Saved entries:
········

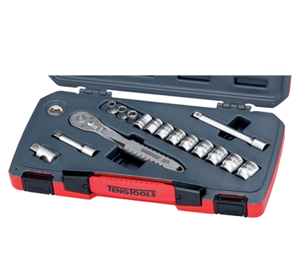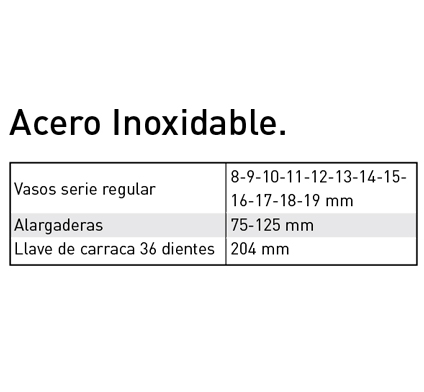 Juego de llavas de vaso 3/8" de 16 piezas. Fabricado en Acero Inoxidable. Compuesto por 12 vasos regulares métrico hexagonales Llave de carraca Alargadera de 75 y 150 mm Adaptador T de 3/8" x 1/2"
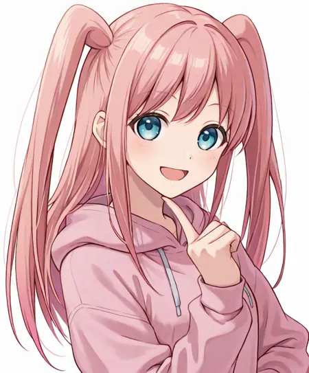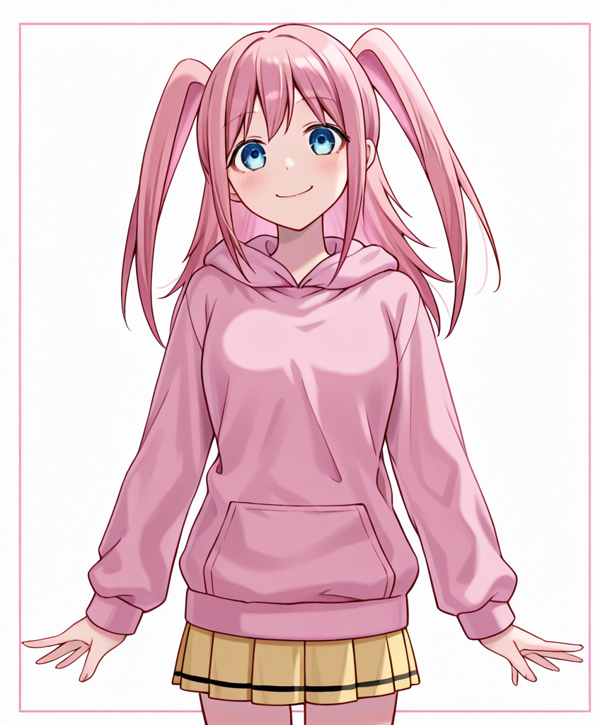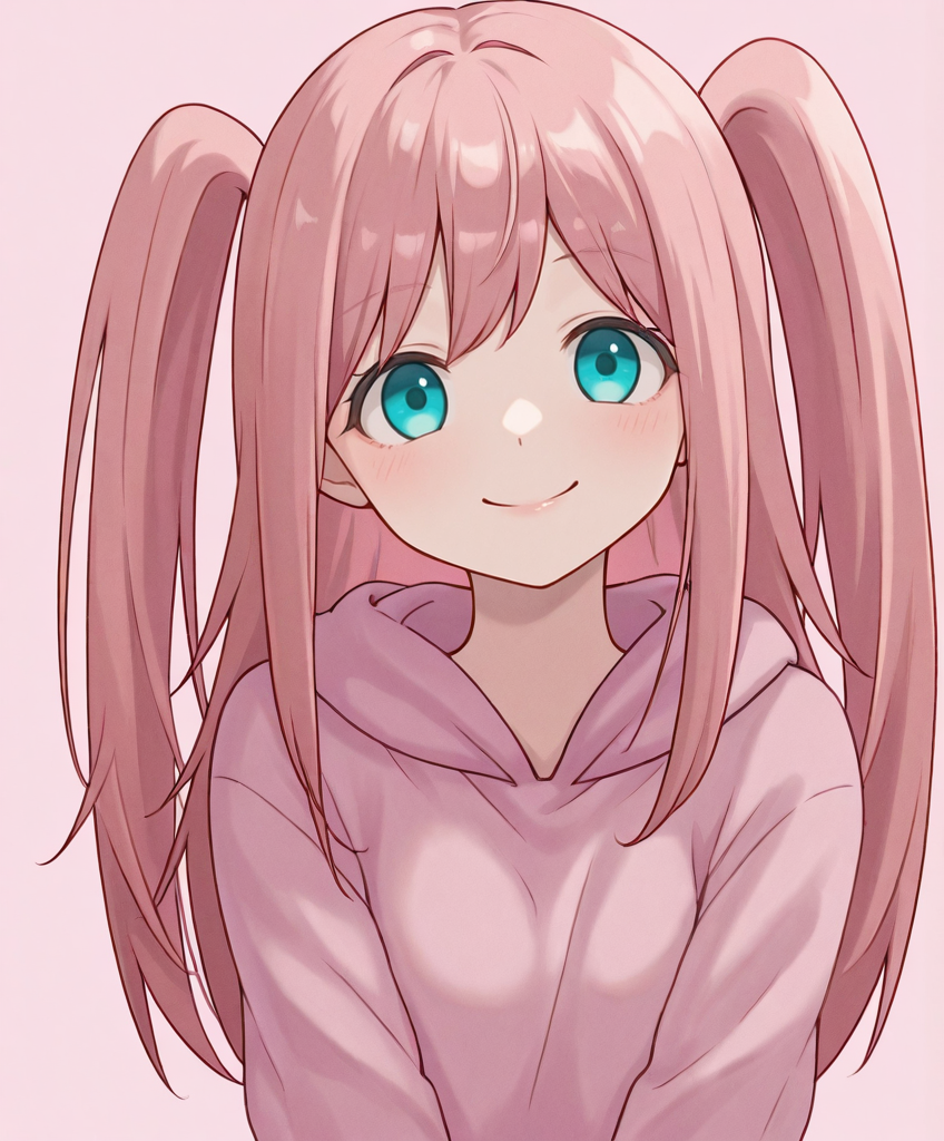 Watamote의 네모. 트레이닝에 사용한 모든 이미지가 그녀의 평소 헤어스타일을 묘사하지만, (long hair:1.5)를 사용하지 않으면 대부분의 체크포인트는 그녀의 머리를 완전히 트윈테일로 묶으려고 고집한다.
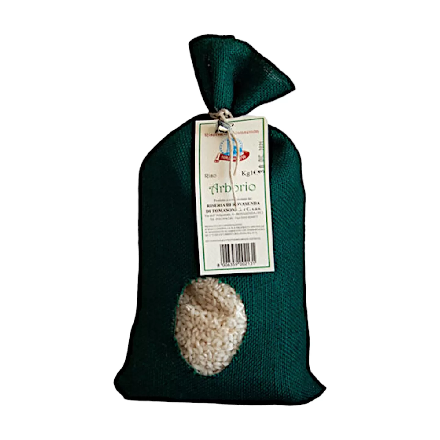 Scopri il riso Arborio della rinomata Riseria Tomasoni di Rovasenda, confezionato con cura in un sacco di juta è famoso per il suo chicco grande e la sua capacità di assorbire liquidi, rendendolo ideale per risotti cremosi.
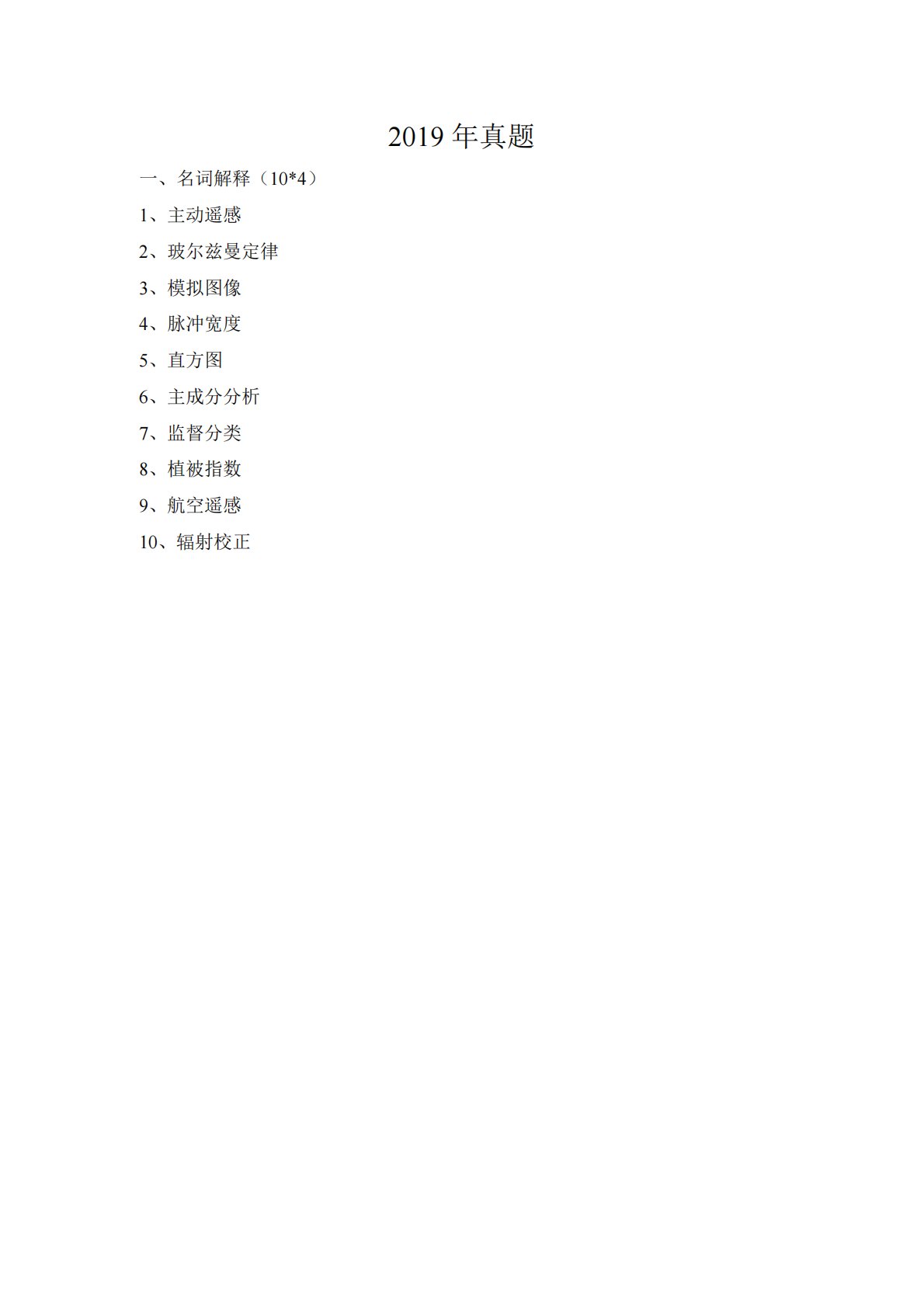 2019年真题一、名词解释(10*4)1、主动遥感2、玻尔兹曼定律3、模拟图像4、脉冲宽度5、直方图6、主成分分析7、监督分类8、植被指数9、航空遥感10、辐射校正2019年真题一、名词解释(10*4)1、主动遥感2、玻尔兹曼定律3、模拟图像4、脉冲宽度5、直方图6、主成分分析7、监督分类8、植被指数9、航空遥感10、辐射校正二、简答题(5*10)1、波段数越多,传感器获取的光谱信号越多,但是也不是波段数越多,对遥感观测就越好,怎么理解这句话2、大气窗口有哪几个波段3、几何精校正的原理和具体步骤是什么4、水体的光谱特征,水体提取的方法是什么5、简述遥感图像分类的步骤三、问答题(3*20)1、简...
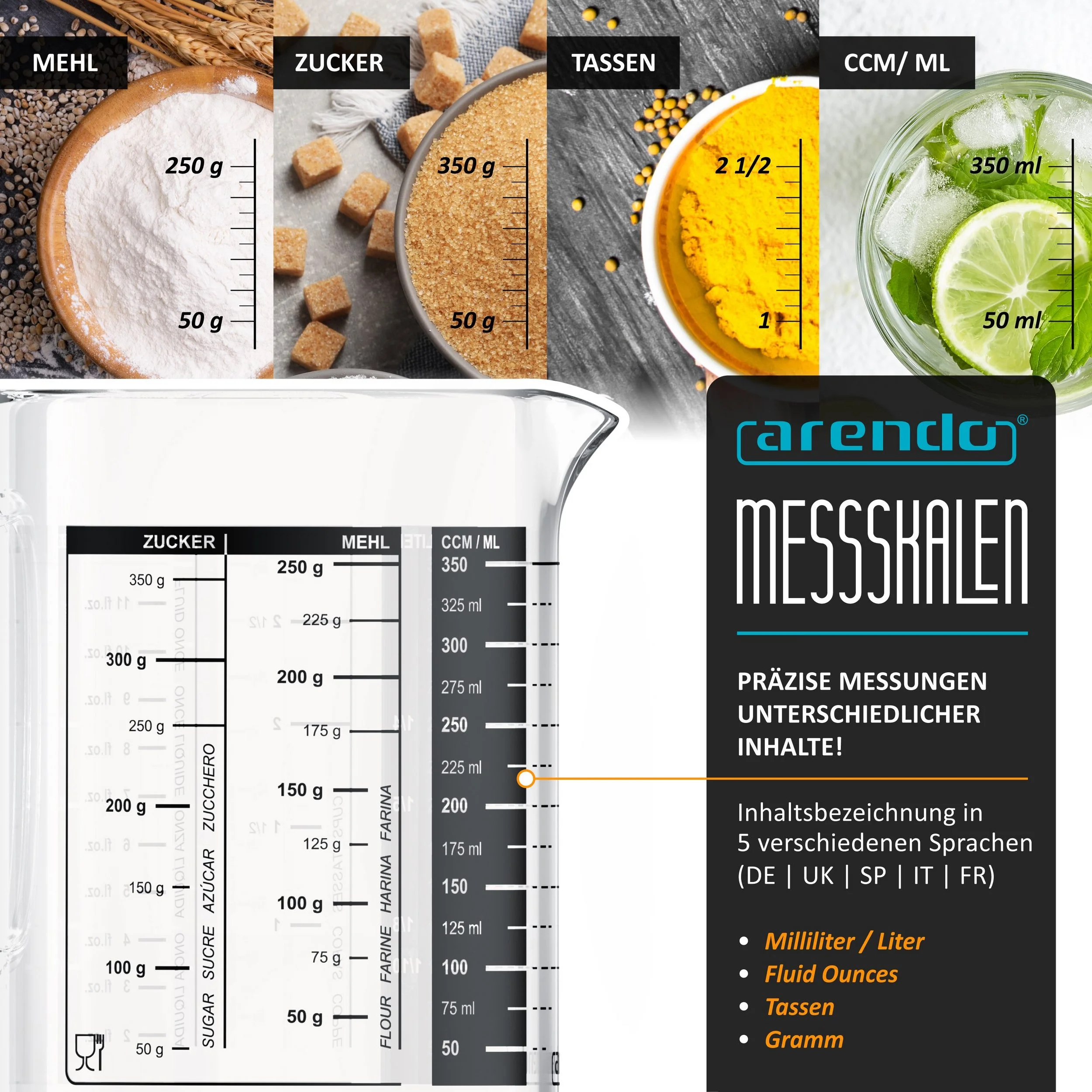 - Skalen: 8-fach – Liter, ML, FL.OZ, Salz, Zucker, Mehl, Tassen (EU), Grieß

········

**Work order:**
Could you write out the records exactly while omitting every picture?

**Task answer:**
 Juego de llavas de vaso 3/8" de 16 piezas. Fabricado en Acero Inoxidable. Compuesto por 12 vasos regulares métrico hexagonales Llave de carraca Alargadera de 75 y 150 mm Adaptador T de 3/8" x 1/2"
 Watamote의 네모. 트레이닝에 사용한 모든 이미지가 그녀의 평소 헤어스타일을 묘사하지만, (long hair:1.5)를 사용하지 않으면 대부분의 체크포인트는 그녀의 머리를 완전히 트윈테일로 묶으려고 고집한다.
 Scopri il riso Arborio della rinomata Riseria Tomasoni di Rovasenda, confezionato con cura in un sacco di juta è famoso per il suo chicco grande e la sua capacità di assorbire liquidi, rendendolo ideale per risotti cremosi.
 2019年真题一、名词解释(10*4)1、主动遥感2、玻尔兹曼定律3、模拟图像4、脉冲宽度5、直方图6、主成分分析7、监督分类8、植被指数9、航空遥感10、辐射校正2019年真题一、名词解释(10*4)1、主动遥感2、玻尔兹曼定律3、模拟图像4、脉冲宽度5、直方图6、主成分分析7、监督分类8、植被指数9、航空遥感10、辐射校正二、简答题(5*10)1、波段数越多,传感器获取的光谱信号越多,但是也不是波段数越多,对遥感观测就越好,怎么理解这句话2、大气窗口有哪几个波段3、几何精校正的原理和具体步骤是什么4、水体的光谱特征,水体提取的方法是什么5、简述遥感图像分类的步骤三、问答题(3*20)1、简...
 - Skalen: 8-fach – Liter, ML, FL.OZ, Salz, Zucker, Mehl, Tassen (EU), Grieß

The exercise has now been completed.